Anılarını kaleme almam için çok ısrar etti. Kaç kez elinin altındaki yıpranmış klasörlerle yanıma geldi. Yazık ki, “ha bugün, ha yarın” diyerek o yoğun meşguliyetlerimin içinde bu fırsatı kaçırdım. Daha sonra anılarının bir kısmı birkaç gazetede yayımlandı… Derken Galeri Kültür’ün sahibi Remzi Halluma’nın 2007 baskı tarihli “Ayios Spiridon’un Çanları” adlı yarı belgesel romanının konusu oldu bu anılar. Ne ki, çok okunan bu kitap tatmin etmemişti onu. “Yaşadıklarım istediğim gibi yansıtılmadı” der, ben de onu “abi bu bir belgesel değil, yaşamının dramatize edildiği bir roman. Öyle kabul et bunu” diye yatıştırmaya çalışırdım.
Türklere Rum saldırılarının başlatılması üzerine TMT’den önce örgütlenip kendi bölgesinde direnişi başlatan ve TMT kurulur kurulmaz da ilk üyeler arasında “Y-1” koduyla ant içen Tremeşeli’nin var oluş mücadelemizde çok özgün bir yeri vardır. Rıza Vuruşkan ve Kenan Coygun komutanların bu yakın ve güvenilir silah arkadaşı, o özgünlüğünü TMT çatısı altında da, ulusal direniş boyunca sürdürdü. Onun özel birliğinin, tıpkı Kuvay-i Milliye’nin ilk dönemlerinde Çerkez Ethem’in yönettiği dinamik ve çevik seyyare birliğini çağrıştıran özelliği vardı. Kendisi gibi gözüpek direnişçilerden oluşturduğu seyyar birlik, nerede sıkıntı varsa, canlar avuçta oraya koşardı. Nasıl ki nizami orduların olağanüstü eğitilmiş seçkin savaşçı birlikleri vardır, TMT’nin de özel Tremeşeli birliği vardı… Seçkin muharipler için bu birlikte görev almak bir ayrıcalıktı…

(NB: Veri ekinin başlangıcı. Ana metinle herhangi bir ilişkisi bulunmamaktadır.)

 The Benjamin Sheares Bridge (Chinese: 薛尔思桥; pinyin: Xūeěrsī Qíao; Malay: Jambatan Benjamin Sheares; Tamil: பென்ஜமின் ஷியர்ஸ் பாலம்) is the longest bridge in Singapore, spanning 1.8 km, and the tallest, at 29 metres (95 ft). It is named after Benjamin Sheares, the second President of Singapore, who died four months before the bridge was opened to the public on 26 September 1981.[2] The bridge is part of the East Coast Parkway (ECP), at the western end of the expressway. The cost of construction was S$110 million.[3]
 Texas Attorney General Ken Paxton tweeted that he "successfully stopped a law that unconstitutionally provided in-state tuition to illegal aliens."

1964’ün ilk aylarında adanın her yanında kan gövdeyi götürürken, Tremeşeli komutasındaki o çılgın birliğin alabildiği kadar silah yüklenerek ve Lefkoşa’daki kuşatmayı yararak Mesarya’nın ortalarına gitmesi ve oradaki direnişi örgütlemesi, orada güçlü bir Türk kantonunu oluşturması dilden dile dolaşan bir kahramanlık öyküsüdür. Onun bir efsane direnişçi olarak halkına verdiği güven ve cesaretin en güzel göstergesi “Dağlar Mehmet Ali çağıracak” söyleminin Kıbrıs Türk direniş tarihine geçmesidir. Neydi bu söylemin anlamı?.. Rum çetelerinin saldırılarına karşı Tremeşeli birliği harekete geçtiğinde, halk ona duyduğu güvenle “dağlar şimdi Mehmet Ali çağıracak” söylemini dilden dile, gönülden gönüle dolaştırırdı…

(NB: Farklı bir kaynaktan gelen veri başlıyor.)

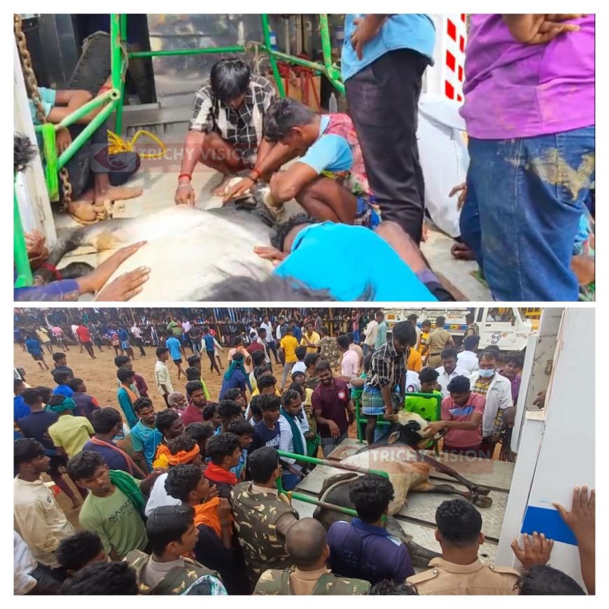 திருச்சி திருவளர்ச்சோலை பகுதியை சேர்ந்த சண்முகம் என்பவரது ஜல்லிக்கட்டு காளை மீது மற்றொரு காளை வேகமாக முட்டியது. ஆம்புலன்ஸ் வாகனத்தில் ஏற்றி சிகிச்சைக்கு அனுப்பி வைக்கும் வழியில் இறந்தது. கால்நடை மருத்துவர்கள் சிகிச்சை அளித்தும் பலன் இல்லாமல் இறந்து விட்டதாக தற்பொழுது தெரிவித்துள்ளனர். மாட்டின் உரிமையாளர், வளர்த்தவர்கள் அதன் மீது படுத்து கதறி அழுது வருகின்றனர்.

“Acaba o ana baba günlerinde yapmak zorunda kaldıklarımız içinde hatalarımız da oldu mu?” sorusunu birkaç kez seslendirdiğine ve hatta trafik kazasında yitirdiği büyük kızı Gülden’in cenaze töreninde kendisine taziyelerini sunmak için sarılan lider Rauf Denktaş’a “ah Rauf bey, yukarıdaki gonnara yemez, değil mi?” dediğine tanık oldum.

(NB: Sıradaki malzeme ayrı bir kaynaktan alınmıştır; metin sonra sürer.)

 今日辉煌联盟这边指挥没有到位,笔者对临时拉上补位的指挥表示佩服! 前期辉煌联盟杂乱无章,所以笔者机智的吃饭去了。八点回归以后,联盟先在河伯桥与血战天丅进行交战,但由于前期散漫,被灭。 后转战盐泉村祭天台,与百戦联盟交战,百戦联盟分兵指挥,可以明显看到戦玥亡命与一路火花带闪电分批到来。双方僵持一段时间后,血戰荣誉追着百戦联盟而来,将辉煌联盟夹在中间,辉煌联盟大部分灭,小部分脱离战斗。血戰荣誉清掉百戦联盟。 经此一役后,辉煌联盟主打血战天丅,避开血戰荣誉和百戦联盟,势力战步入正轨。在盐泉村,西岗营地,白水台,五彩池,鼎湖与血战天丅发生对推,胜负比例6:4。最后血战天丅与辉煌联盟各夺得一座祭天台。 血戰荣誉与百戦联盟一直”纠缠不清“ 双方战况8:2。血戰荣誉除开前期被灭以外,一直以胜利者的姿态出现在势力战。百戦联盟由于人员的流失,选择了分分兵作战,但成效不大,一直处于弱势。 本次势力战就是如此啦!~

Rumlar arasında da ünlenen bir Türk direnişçiydi. Bir ara İkinci Selim Caddesi’nde açtığı halı dükkânına, sırf onu yakından görebilmek için Rumların geldiğine ve bir zamanlar dağların çağırdığı Mehmet Ali’nin elini saygıyla sıktıklarına tanık oldum.
En son 11 Ekim 2012’de, çok sevdiği TMT komutanı Kenan Coygun’un ölüm yıldönümü etkinliğinde, sayıları gittikçe azalan silah arkadaşları arasına tekerlekli sandalyesiyle katıldı. Ağır hasta Tremeşeli’nin aslında o gün dostlarına veda ettiğini anlamak için güçlü bir sezgiye gereksinim yoktu. Acı gerçek gözler önündeydi. Sinsice bedeninde yayılan Parkinson’dan sonra, bir de kanser tarafından vurulmuştu. Şimdi bu yazılanlar nedir ki?.. TMT’nin çok ayrıntılı tarihi araştırıldıkça onun hakkında daha nice şeyler yazılacak. Işıklar içinde yatmasını dilerim…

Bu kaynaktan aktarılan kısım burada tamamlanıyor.